The most prevalent biometric authentication used in schools today is fingerprint scanning, but companies such as Food Service Solutions Inc. say they want to avoid the stigma attached to fingerprinting--especially in schools.
"You bring up the word 'fingerprinting,' and there's a connotation," said Mitch Johns, president of Food Service Solutions. In real life and on television, only "bad guys" are fingerprinted after being arrested by the police, Johns said.
"We feel like we're a leader in bringing new technology to the market, and we feel the new system is a more acceptable device," he said.
With face and voice recognition, students merely position themselves in front of a web camera attached to a computer monitor and say their name or any chosen word. Reportedly, the computer identifies the students instantly and deducts the meals from their accounts.

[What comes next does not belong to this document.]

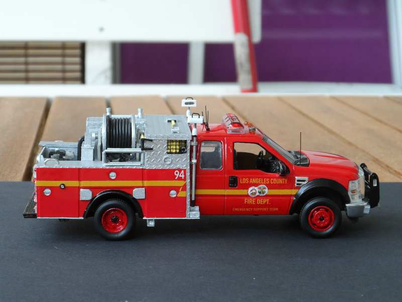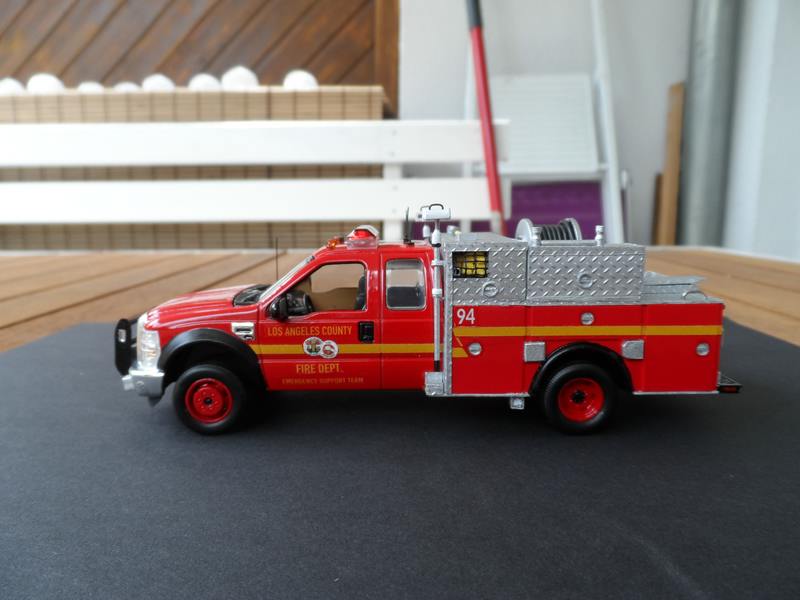 Das Modell stellt die "Brush/Fire Patrol" EST Unit 94 des Los Angeles County Fire Department dar. EST steht hierbei für "Emergenc Support Team" , also eine Unterstützungseinheit, die vor allem bei der Bekämpfung, der häufigen Busch Brände zum Einsatz kommt.

"For our system, it takes less then two seconds for the whole process," said Jeffrey Buechler, director of sales for BioID America Inc., the company that has partnered with Food Service Solutions on the system.
BioID's biometric authentication software measures a user's face, voice, and lip movement simultaneously.

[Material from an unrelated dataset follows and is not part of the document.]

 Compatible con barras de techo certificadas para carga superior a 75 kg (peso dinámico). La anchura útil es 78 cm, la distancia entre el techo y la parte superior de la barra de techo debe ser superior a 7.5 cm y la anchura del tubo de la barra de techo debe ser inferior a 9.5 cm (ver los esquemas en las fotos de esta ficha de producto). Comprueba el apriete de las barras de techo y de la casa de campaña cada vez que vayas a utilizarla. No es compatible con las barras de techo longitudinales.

To enroll, the student looks at the camera and says his or her name three times for verification. "If I'm saying 'Jeffrey,' I say my name the same way every time," Buechler said.
Like other biometric authentication technologies, face- and voice-recognition technology lets students buy meals at school without cash, passwords, or meal tickets. It also prevents students who participate in the free or reduced-priced lunch program from being identified.

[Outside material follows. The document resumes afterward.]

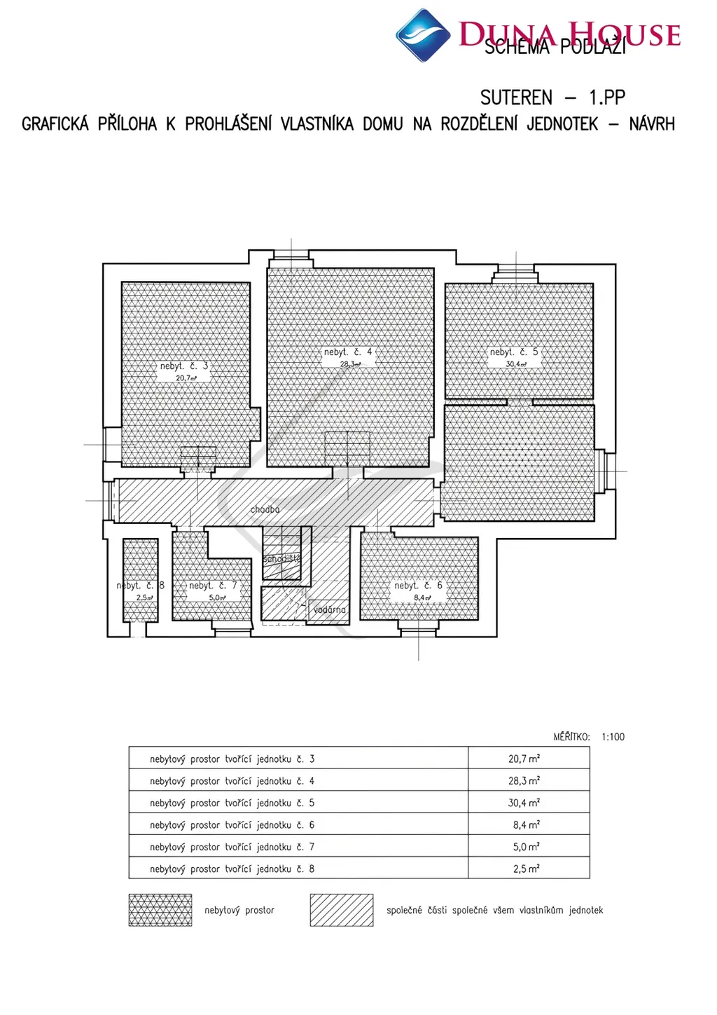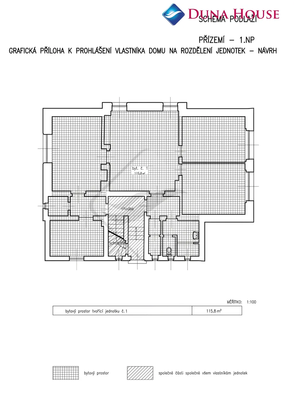 Obsahuje dva samostatné byty 4+1 o rozloze každý 130 m² + suterén.

But privacy advocates say face- and voice-recognition technology raises even greater privacy concerns than fingerprinting--and the less information you give to others, the better.
According to Chris Hoofnagle, legislative counsel for the Electronic Privacy Information Center (EPIC), there's not much schools can do to keep this kind of data from the police. "Undoubtedly, law enforcement will enter and ask the school for the student data as soon as a crime occurs," he said.
Earlier this year, at Super Bowl XXXV in Tampa, police used face-recognition technology to match mug shots of wanted criminals with people in the crowd. In a nightlife section of Tampa, called Ybor City, police have set up surveillance so they can continually match people's faces to their archive of wanted criminals.
Hoofnagle worries that by using this technology in school, children will become accustomed to it and will give out this kind of personal information without thinking twice.